The monastic rhythm of life itself is not disposed towards laziness. Here pilgrims, besides venerating the blessed relics of the saints, learn self-management. In any monastery there is a clear daily order which has not changed for ages. It includes the obligatory services—the Midnight Office, the Hours, Liturgy, Vespers, trapeza and time for obediences and rest… Everything is cyclical.

All people living in the world can to some extent imitate the monastic order and try to clearly organize their day, and think about when to work, when to pray, when to rest. It will thus become much easier to combat your laziness. As captured in history, people lived this way in the good ol’ days, trying in everything to emulate the monastics. It’s no accident that our country seems to visiting foreigners as one great monastery.

—Why is self-management so difficult on our own, but easier in a monastery?

—I myself would, for example, not go to church out of laziness, but look—the brothers go. You feel ashamed if you miss a Divine service, not because the abbot scolds you, but before the brothers. In a monastery, as in a big family, everything is inter-connected. If you don’t go to a service, then someone will have to take out the particles for you, read the commemoration lists, the choir singing will suffer from your absence on the kliros (if you chant in the choir) and it will affect the mood of all those serving and praying. You see how everyone has such a great responsibility in monasteries. Here you constantly feel a sense of duty with no time to be lazy. The monastery brethren try to support one another all the time.

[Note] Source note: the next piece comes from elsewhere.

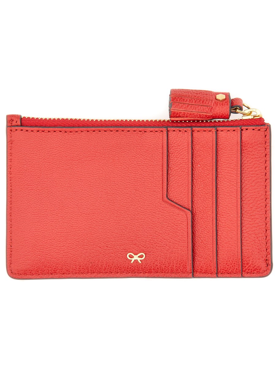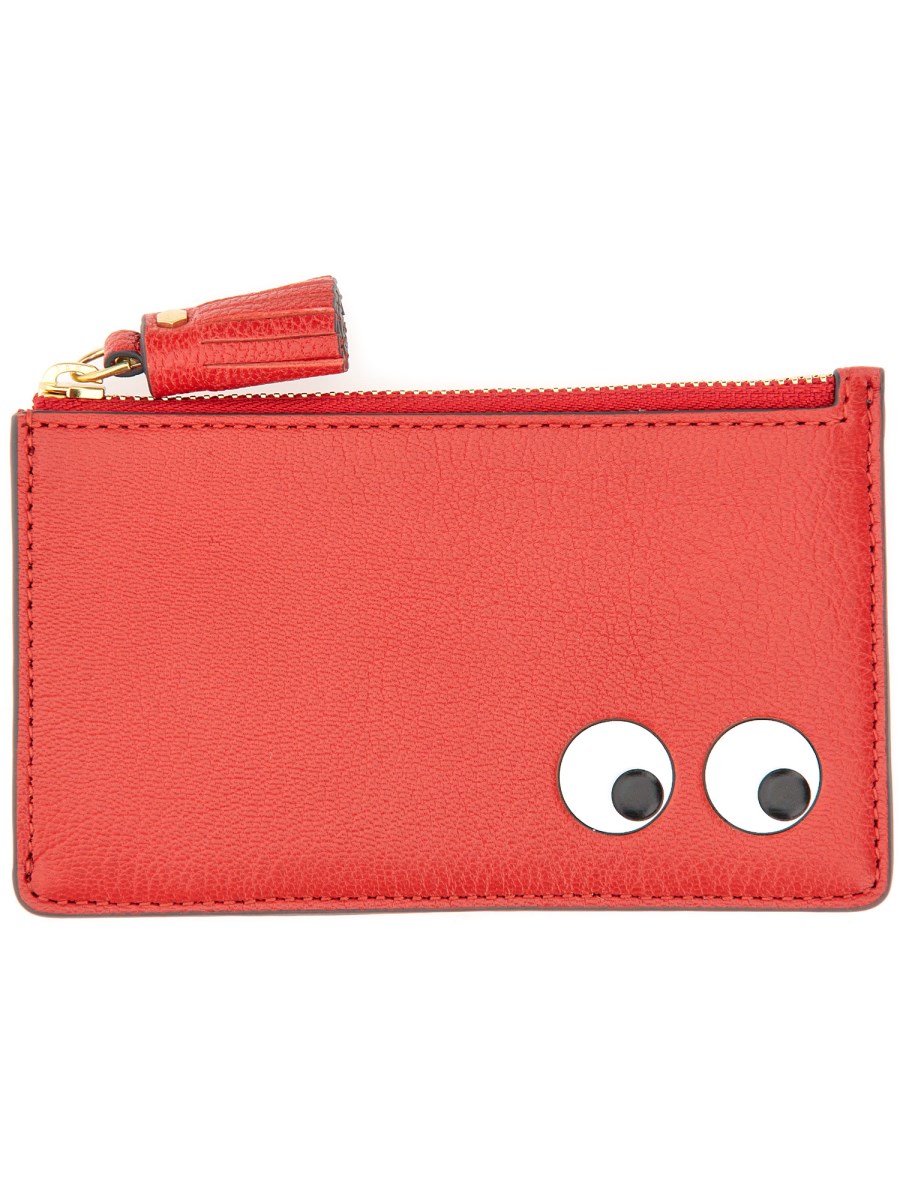 This red leather card holder from Anya Hindmarch is a must-have accessory for any fashion-forward individual. Featuring a playful eye print, it's perfect for adding a pop of personality to your everyday look. With enough space for your essential cards, it's both practical and stylish.

It should be the same in a family: the feeling of responsibility, mutual support, bearing one another’s weaknesses. If such an attitude is missing then the spouses only look at who owes what to whom, who’s obliged, who did more. And, in the end, the marriage is destroyed.

We must overcome laziness as soon as the symptoms appear. One of them is despondency. Despondency, as we have said before, fights against prayer, fasting, and labor, but if you have this combination then your home will be filled with joy.

—Batiushka, we have received really no new advice. We always return to prayer and fasting.

—The problem is only in that we don’t always understand how real prayer and true fasting should be. We often excessively begrudge and fear that if we give more time to prayer then we won’t manage to get something else done. But it’s a snare…

Natalia Goroshkova spoke with Archimandrite Markell (Pavuk)
Translated by Jesse Dominick

Orthodox Life

10/11/2016


[1] Meaning that although Kiev is far away, if you know how to ask you will get there.